Malawi Rwanda and Mozambique are the three countries among middle income countries, making impressive progress when the country response is accessed using the UHC service coverage index, and financial risk protection assessment as reflected on the census data chart. LMICs have underperformed and are on catastrophic spending on health, while LICs have underperformed on service coverage.

Also, with the aid of a data chart, an overview of the factors that impacts on the UHC status for different countries in Africa where shown. In high-income and upper-middle-income countries, infectious diseases are the main cause of bottlenecks to universal health coverage. In low-middle-income countries and low-income countries, the main cause of bottlenecks to universal health coverage was service capacity and service access. Health worker density is a main challenge with ensuring appropriate service capacity for provision of care.

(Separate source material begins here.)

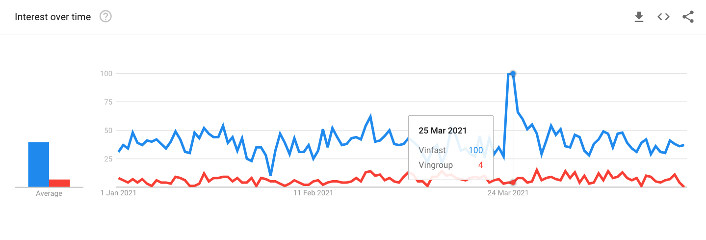 Interest in VinFast spiked on 24 March when it opened sales for its first EV car, according to Google Trends data

This has major implications for accelerating the HIV, TB and Malaria response.

The Need for a differentiated approach for each country: An assessment of the universal health coverage index indicates that in low income countries, the need is to focus on service capacity and infectious disease interventions in upper middle income countries. To accelerate HIV, TB, malaria response, the human resource crisis in the region is crucial to making further progress.

The challenges and constraints faced by the healthcare system in different countries differ. Lack of community engagement and empowerment, insufficient and misaligned financing, sub-optimal health workforce, service fragmentation, inappropriate service delivery model, and limited inter-sectoral action are a few of the challenges faced. Other emerging health demands include unhealthy behaviours and lifestyle choices, double-burden of diseases and multi-morbidity, greater citizens’ expectations, increased need to self-manage care, and the need for cost efficiency and accountability.

Integrated people-centered health service delivery that are managed and delivered so that people receive a continuum of health promotion, disease prevention, diagnosis, treatment, disease-management, rehabilitation and palliative care services, coordinated across the different levels and sites of care within and beyond the health sector, and according to their needs throughout the life course, will fast-track efforts to achieve universal health coverage. Healthcare delivery that is people-centered is an approach to care that consciously adopts individuals’, cares’, families’ and communities’ perspectives as participants in, and beneficiaries of, trusted health systems that are organized around the comprehensive needs of people rather than individual diseases. More importantly, People-centered care is broader than patient and person-centered care. It encompasses not only clinical encounters, but also include attention to the health of people in their communities and their crucial role in shaping health policy and health services.

The next steps defined include the need for countries to identify and sensitize national champions/ key stakeholders on conducting critical analysis to facilitate universal health coverage, organize country-level workshop for shared understanding of integrated people centred health service, refine and adapt country roadmaps and develop mechanisms and capacities for coordinated and result driven governance and programmatic interventions. Among these next steps WHO partners are also supposed to align and support integrated people centred health service delivery through multi-agency global initiatives such as the Global Action Plan on Sustainable Development Goal 3, Primary Health Care Implementation Efforts, and others. Also, to establish virtual communication for ongoing exchange on implementation, advocate at large scale and provide technical assistant for capacity building and strengthening policy and programming.